Monday, April 18, 2016

The Brokered Dream


In Africa, ten years ago, our trip moved from the soft pink dunes and flat seas of sand in the Sahara to what my guide called, "Black Africa," the plains and jungles of Benin and Togo.  It was a frightening transition from open to dense land from laid-back nomad to wary villager.  One night in a village in Benin,  my travel group was invited to a ceremony where we were told a shaman could help us achieve our dreams.

I don't remember all the details, but I do remember the heat, the sweltering heat, and the humidity, and the crazed drug-induced frenzy of the village shaman.  I was brought before him after he made a frightening entrance into a dark hut. He was bugged-eye and spitting everywhere, sweat gushed out of him in multiple rivulets and he half-danced half-walked around the room talking to the unseen spirits in the hut.  Finally, he stood in front me and looked down.  I was kneeling, sitting back on my legs, in the dirt.  Our trip guide told me it was time for a donation so the shaman could work with the Gods to make a dream come true.  What would I like?  I reached into my grimy sweaty travel pants and pulled out the suggested donation of a US $5.00 bill.  Did I want happiness? Long life? Money? Good health?  No...... I whispered to my guide, "I would like to write a book."  The guide spoke to a man, an assistant, who translated the wish to the imposing shaman standing above me.  The money moved from the guide to the assistant, who inspected the bill in the dim light, then nodded to the shaman.  Shouting up to the heavens and twirling in the dust, the shaman seemed energized by my wish for a few minutes then suddenly staggered to a stool.  He sat down.  It was a done deal.

After I came home from Africa, I wrote a children's book about my African adventures.  It took me a long time to perfect the style of writing I wanted to use, to select pictures, and to create a layout.  I went to a New York writer's conference and took a copy of the manuscript with me.  The seminar had specific times when you could talk to agents about your project.  There was interest....many questions....suggestions.  One suggestion from a National Geographic editor was to rewrite the book with a different lead character...someone familiar--like a crazy old professor who happens to take his niece or nephew or both on a tour of Africa.  After so much effort, I was exhausted just thinking about re-writing the book from a different point of view.  While I was in limbo over the re-write,  I took a job as a community relations manager for Barnes and Noble.  Limbo disappeared because my full time work schedule forced me to concentrate on my corporation's welfare and not my writing.  A year into the job, my dad had a massive stroke and my mother collapsed into heart failure.  I walked out of the book store office and never returned.
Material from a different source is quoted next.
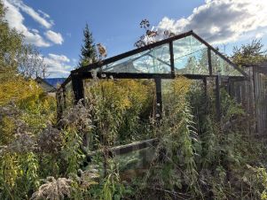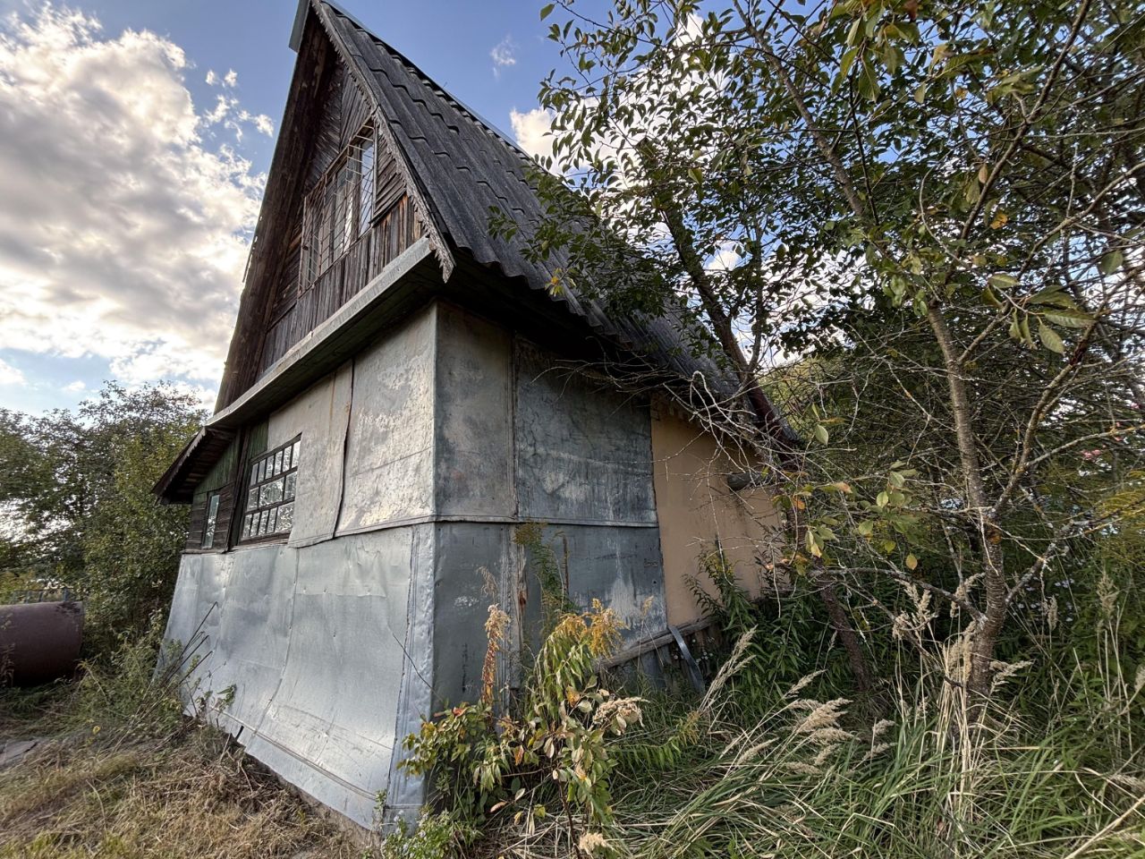На участке имеется хозблок, теплица сваренная из уголка. Н

The next few years were filled with the necessities of tidying up the legal, financial, and emotional consequences of their sudden deaths.

The African manuscript sat on my shelf and I busied myself with other callings. Then, I started doing research in an archives concerning religious ceremonial objects and donor families.  I discovered vibrant and memorable stories behind so many of the objects.  I started collecting stories in the archives....in a way....I felt like I simultaneously created a puzzle and the pieces.  In January, after two years, the puzzle was finished--the photos were set, the text maneuvered in intricate boxes on each page...the book was done.

I should have taken a picture when all the copies arrived.  But I didn't.  I'm not sure why...it was almost like I was afraid that showing off the piles of books would somehow jinx the reviews or the reception of the book.  But the book recipients have been pleased....and I've received a tremendous amount of positive feedback.  I'm down to three books now....and realized I best take a picture of the books now before they are all distributed.  Tomorrow one book will go to the State Archives...by the end of the week another book will go to another archive out-of-state.  I have chosen to keep just one copy for myself.

Since the books arrived, I've been thinking of the shaman.  I've been meaning to pull out my diary from Africa and reread the entry. The purchase of a goat was somehow involved in all this too...but my memory of the night has gotten a bit soft.  I supposed what's important is the deal has come to fruition--ten years, 5 bucks, a goat, one wayward manuscript, and finally one realized manuscript.  I've never regretted asking him for this dream....I'm just surprised how the request was answered.